*ABOUT THIS TASK*.
Leaving out the pictures, reproduce each record exactly and in full.
:: RECORDS SHOWN ::
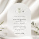 Feiern Sie Ihre Liebe mit dieser zeitlosen und raffinierten Hochzeitsveranstaltung mit einem zarten Olivenzweig-Monogramm und einer sauberen, modernen Bogenform. Ideal für Paare, die natürliche Eleganz und minimales Design schätzen. Diese Einladung hebt Ihre Initialen in einem anmutigen Serif-Schriftart über einem weichen grünen Motiv hervor, mit klassischem schwarzem Text auf einem knalligen, weißen Hintergrund. Ideal für Gartenhochzeiten, rustikale Chic-Feiern oder moderne minimalistische Zeremonien.
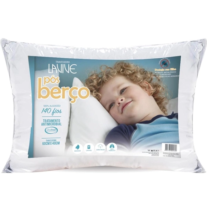 Travesseiro Infantil Flexball 60cm x 40cm Antialérgico 100% Algodão Lavive
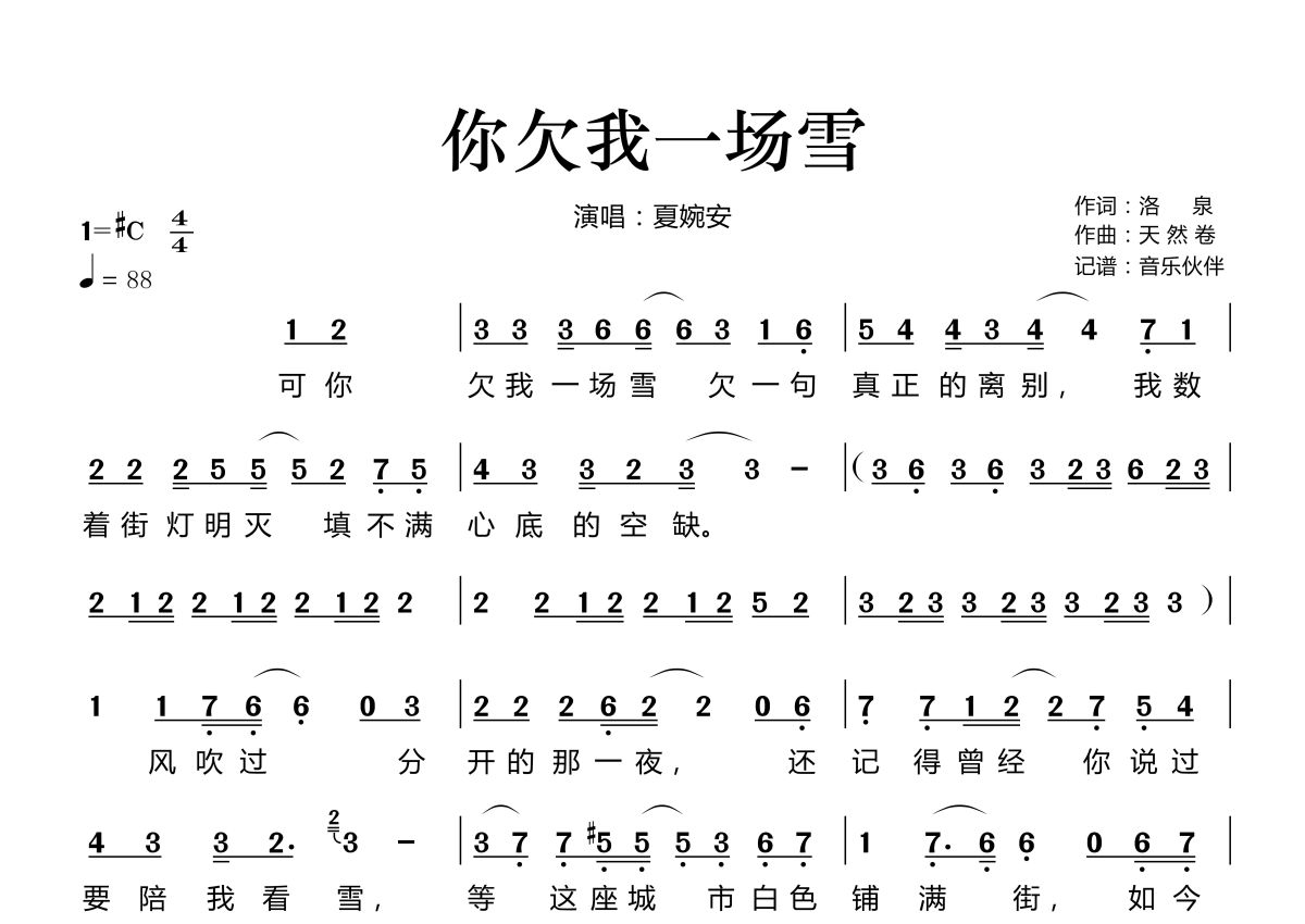 《你欠我一场雪》是夏婉安演唱的一首歌曲,拍号为4/4拍,歌曲速度为每分钟88拍,这份简谱共有两张高清图谱,图谱由 @音乐伙伴 编配上传。
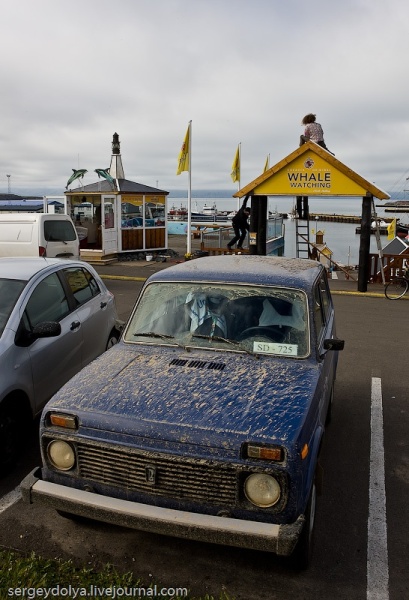 С утра погода была, как обычно, паршивая. Вечером нам предстояло наблюдать в открытом океане за китами, и я очень надеялся, что она улучшится. Мы ночевали в небольшом городке Seydisfjordur с гигантским населением в 750 человек. Вообще, во всей Исландии живет чуть больше 300 000 человек. Из них 60% населения живет в Рейкьявике и его окрестностях. При этом Рейкьявик по площади равен четверти площади Москвы. Все постройки двух-трехэтажные. Город словно размазан по огромному лавовому полю.
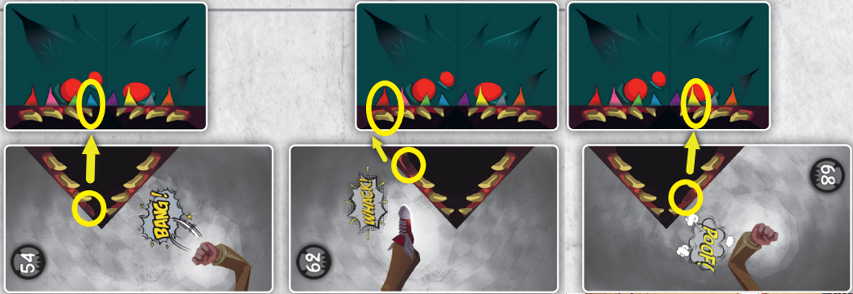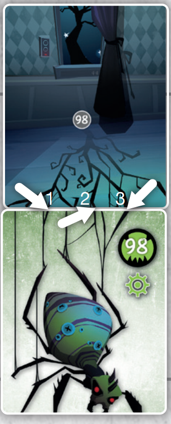 카드를 정렬했을 경우 제대로 연결된 3가지 줄을 자르면 거미가 떨어져서 퇴치됩니다.
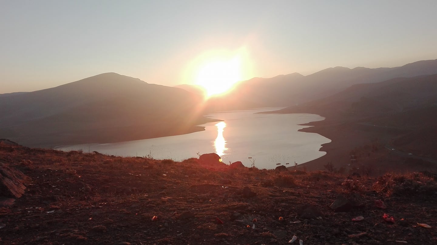 وێنەکە: (چەمی سێ کانیانی شاری مەهاباد، لە ساتی خۆرئاوابووندا.)
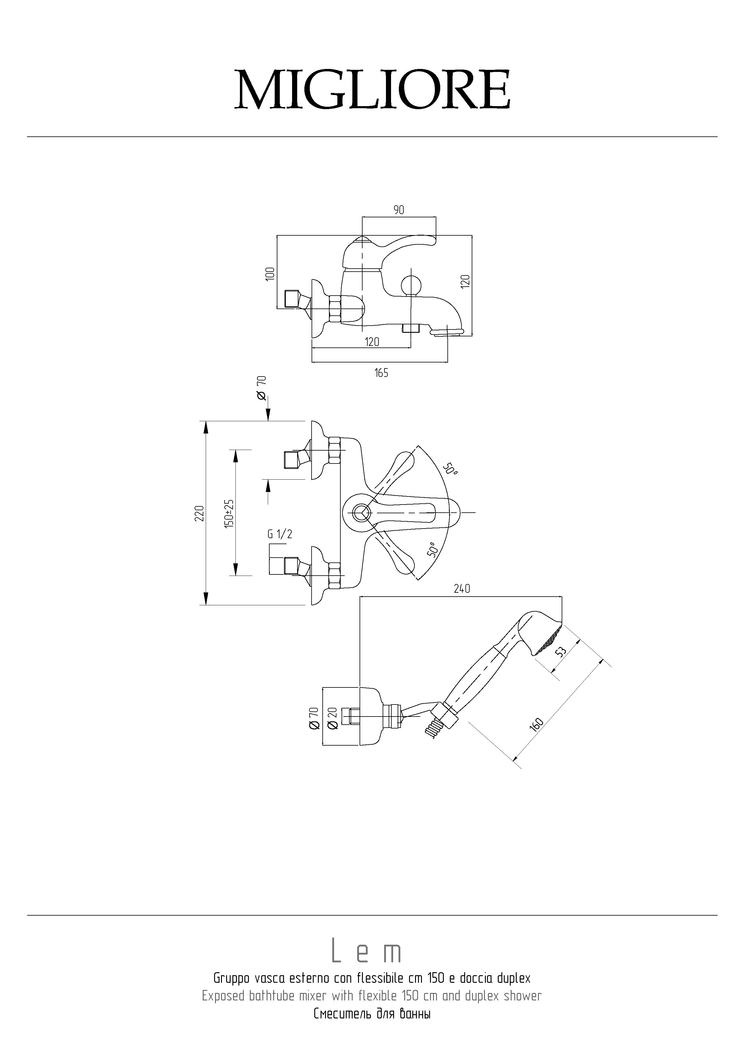 Смеситель для ванны Migliore LEM 25882 настенный золото
:::
*EXERCISE SOLUTION*.
 Feiern Sie Ihre Liebe mit dieser zeitlosen und raffinierten Hochzeitsveranstaltung mit einem zarten Olivenzweig-Monogramm und einer sauberen, modernen Bogenform. Ideal für Paare, die natürliche Eleganz und minimales Design schätzen. Diese Einladung hebt Ihre Initialen in einem anmutigen Serif-Schriftart über einem weichen grünen Motiv hervor, mit klassischem schwarzem Text auf einem knalligen, weißen Hintergrund. Ideal für Gartenhochzeiten, rustikale Chic-Feiern oder moderne minimalistische Zeremonien.
 Travesseiro Infantil Flexball 60cm x 40cm Antialérgico 100% Algodão Lavive
 《你欠我一场雪》是夏婉安演唱的一首歌曲,拍号为4/4拍,歌曲速度为每分钟88拍,这份简谱共有两张高清图谱,图谱由 @音乐伙伴 编配上传。
 С утра погода была, как обычно, паршивая. Вечером нам предстояло наблюдать в открытом океане за китами, и я очень надеялся, что она улучшится. Мы ночевали в небольшом городке Seydisfjordur с гигантским населением в 750 человек. Вообще, во всей Исландии живет чуть больше 300 000 человек. Из них 60% населения живет в Рейкьявике и его окрестностях. При этом Рейкьявик по площади равен четверти площади Москвы. Все постройки двух-трехэтажные. Город словно размазан по огромному лавовому полю.
 카드를 정렬했을 경우 제대로 연결된 3가지 줄을 자르면 거미가 떨어져서 퇴치됩니다.
 وێنەکە: (چەمی سێ کانیانی شاری مەهاباد، لە ساتی خۆرئاوابووندا.)
 Смеситель для ванны Migliore LEM 25882 настенный золото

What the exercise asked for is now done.